MERRY CHRISTMAS everybody anyone got any true christmas stories of thier own to add?

Fox News Channel is the television version of Free Republic

freepatriot32  posted on  2007-12-25   7:40:43 ET  Reply   Trace   Private Reply  


#2. To: freepatriot32 (#0)

When we were kids, my sister got into the closet, tore the brown paper wrappings off the presents (she just had to see what they were), then blamed it on me. My parents believed her. I still give her a hard time about that every once in a while.

While babysitting for her kids when they were about five, they got up at 3 am, woke me up from the couch, then proceeded to rip their presents open.

Fortune favors the prepared mind. A zombie, however, prefers it raw.

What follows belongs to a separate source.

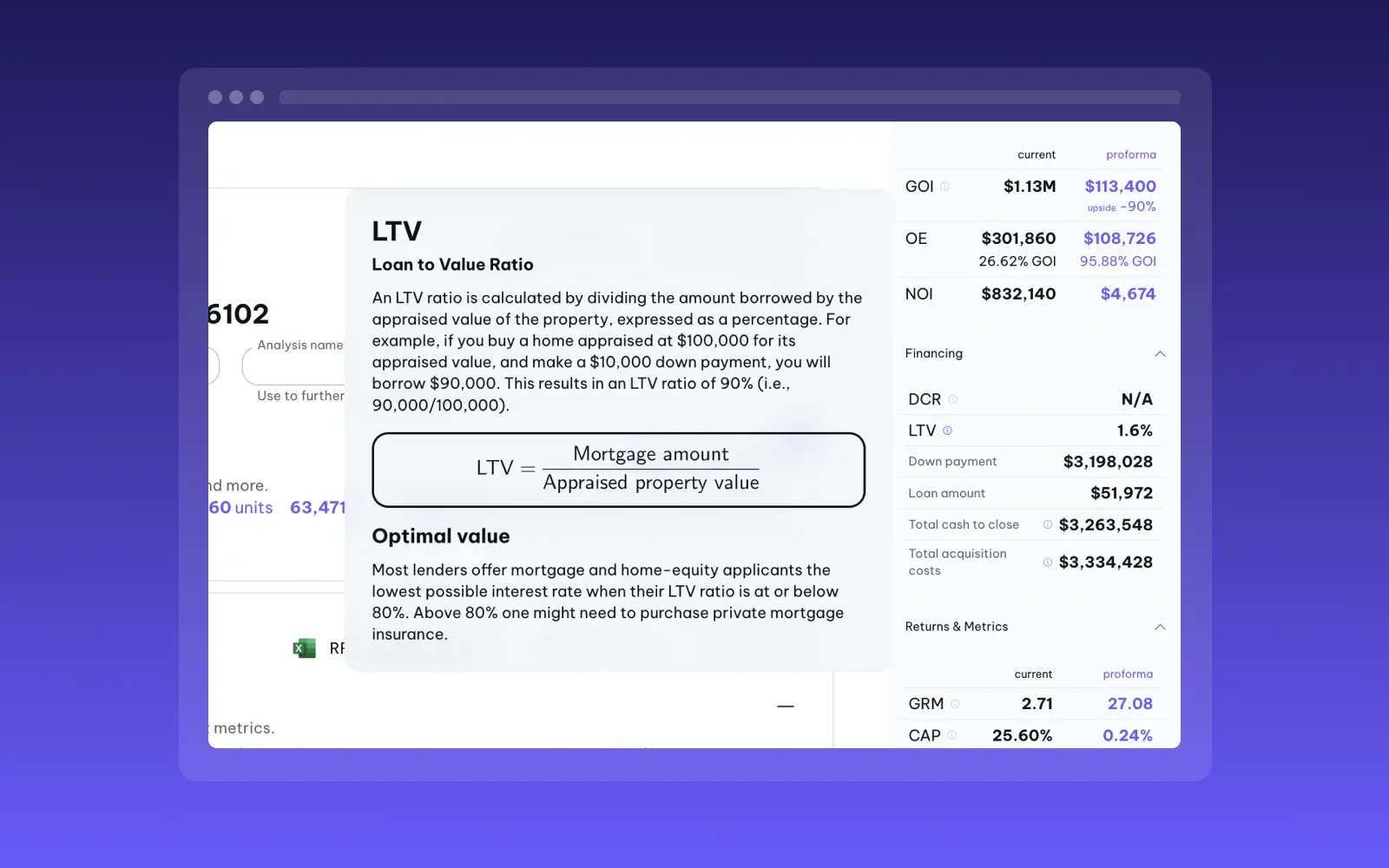 The loan to value ratio (LTV) is a common metric used in commercial real estate analysis and computations. LTV represents the amount of loan given by the bank compared to the value of the commercial property. It is calculated by dividing the loan amount by the value of the property and expressed as percentage. In this post, we review the LTV formula, how to calculate it, what is its significance, and how it is used in real estate financing. We include examples of how to use the LTV ratio in calculations.

YertleTurtle  posted on  2007-12-25   10:02:00 ET  Reply   Trace   Private Reply  


#3. To: YertleTurtle (#2)

My sisters were so bad at finding gifts and opening them and blaming it on me that my mother decided to hide the gifts under my grammas house and when it came time to wrap them, she coded the names on the gift tags so we wouldn't know whose was whose! THEN forgot where she put the list...so Christmas morning we ended up opening all of them and dolling them out from there....that was the ONE Christmas that my sister screwed up and handed my other sister a Barbie and said this is yours and that is mine! Caught RED handed!!!! I was off the hook from that point on!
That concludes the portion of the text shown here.